Дома его ждала коллекция старых фильмов XX века, дополненная множеством нейросетевых ремейков, которые быстро надоели из-за бесхитростности сюжетов. Современные фильмы были ему недоступны, отчего Ким особенно остро чувствовал стерильность собственного разума. Он мог генерировать фильмы на свой вкус, но это оказалось скучно. Создатели нейросетевых картин убеждены, что в мире существует только три типа сценариев, и какой бы набор актёров не задавал Ким, нейросеть с азбучной чёткостью сводила повествование к одному из принятых шаблонов.
Ким предпочитал игры. Сетевые дипплеи на «Талеме» оказались под запретом, и Киму были доступны только несколько квестов и шутеров, красивых, но ужасно примитивных. Порой он коротал время в Cosyland, помогая пещерному народцу пересечь великую пустыню.
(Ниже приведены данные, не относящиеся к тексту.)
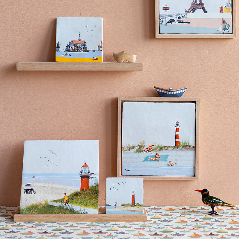 Ceramic tiles have been made in and around Delft, The Netherlands, since the 16th century. StoryTiles continues the tradition by creating miniature art-on-tiles. All tiles are baked in traditional Dutch ovens at a high temperature, what makes them heat and water resistant. Each design is unique, as it is hand baked and designed.
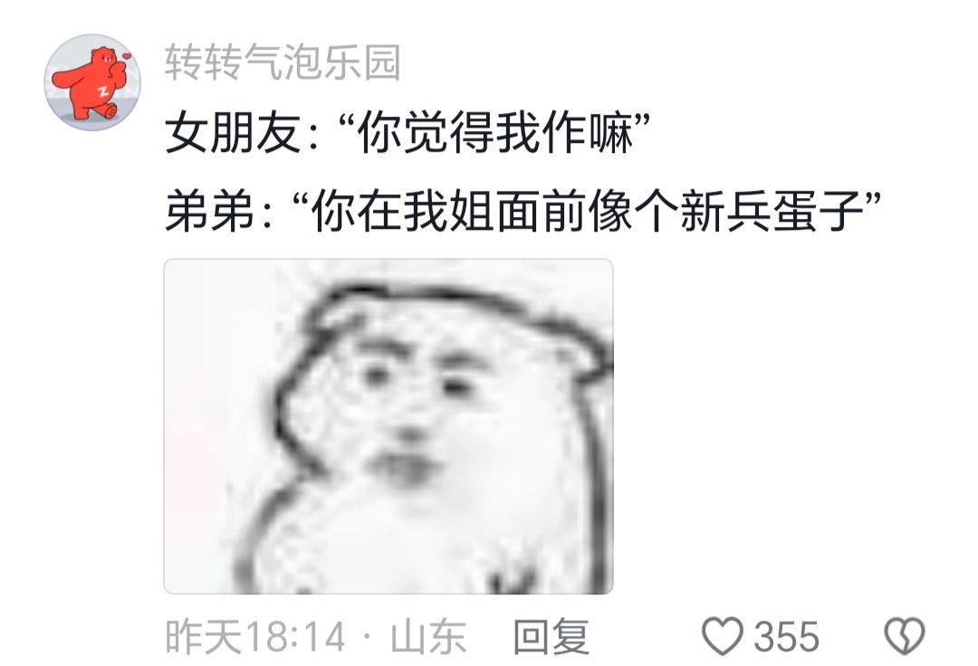 女朋友:“你觉得我作嘛” 弟弟:“你在我姐面前像个新兵蛋子’
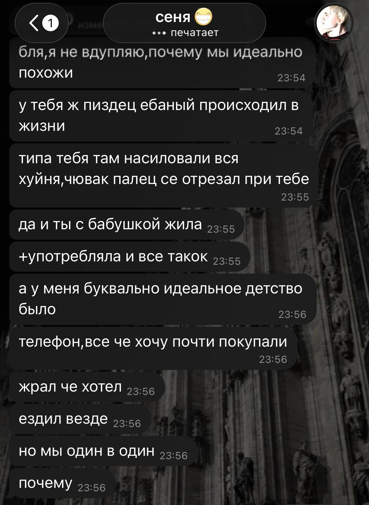 Сап, тянач. Не знаю куда писать, вроде биопроблемый не для этого... Короче, у меня стабильно от 7 часов экранного времени, в среднем 10 часов (когда дел нет). Я пиздец как телефонозависима, он почти постоянно в руках. Куда-то еду - надо открыть тикток или листать тг канал или с кем-то переписываться. У меня, похоже, все друзья такие и мы можем переписываться со всеми 24/7 даже с теми кто работает. Друзья, которые учатся, наверное вообще из телефона не вылезают, как, в принципе и я. В дороге на учебу - в телефоне, на учебе - в телефоне, дома - в телефоне, за едой - в телефоне, в ванной - в телефоне, перед сном - в телефоне. Меня это так заебало, но я настолько это нормализовала в своей жизни, что не могу без этого. Спокойно обходясь без телефона если комп рядом и мне надо что-то на нем сделать, прост параллельно видео включаю или музыку. Постоянно глаза болят, но я все равно смотрю в экран. Единственное достижение - знаю все мемы и новости и отвечаю за 3 секунды на сообщения. Мне уже даже общаться со всеми впадлу, но машинально все равно телефон в руке.
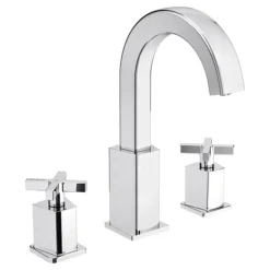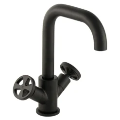 The M-Line Matt Black 3 Hole Deck Mounted Basin Mixer is perfect for creating a clean minimalist look. Made from brass with a trendy matt black finish, the range is characterised by it’s curved round spout and single lever handles. Supplied with co-ordinating pop-up waste.
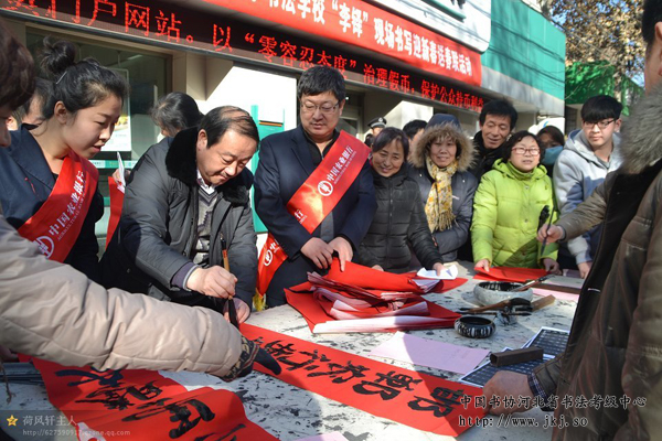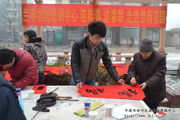 近日,中国书协河北省书法考级中心邯郸磁县书法考级工作站在磁县农业银行及慈荷花园小区等地分别进行了几场热热闹闹的“兰亭书法学校迎新春送春联活动”。

Народец был настолько бестолков, что Ким, продлевая его глупый поход, явно спорил с мудростью эволюционного отбора.
Иногда Ким предпочитал шутер After Tomorrow, довольно претенциозный и оттого особенно комичный. Это была постапокалиптическая игра, где отряд разномастных головорезов пробивался через опасные территории к Земле обетованной. В банде Кима был массивный нигериец, латинос с рассечённым лицом и лесбиянка, жизненная драма которой обострялась отсутствием других женщин в игре. Руководил отрядом бывший советский военный, которого требовалось звать либо товарищ полковник, либо Николай Петрович.
Отряд путешествовал по территории бывшего Советского союза, но Киму надоела их бессмысленная погоня, и последнее время он заходил в игру лишь для того, чтобы послушать местные бредни или переспать с единственной девицей, которая, несмотря на ориентацию, не брезговала Кимом.
Не замечая распада морали в коллективе, при каждом появлении Кима неутомимый Николай Петрович сверкал вразнобой стеклянными глазами и провозглашал:
– Ну что, сынки, вы готовы? Сегодня – важный день. Сегодня мы возьмём укрепление Салаха и освободим заложников.
Этот бравурный монолог повторялся раз за разом, хотя караван вот уже полгода не двигался с места, а Салах продолжал царствовать в своей степи.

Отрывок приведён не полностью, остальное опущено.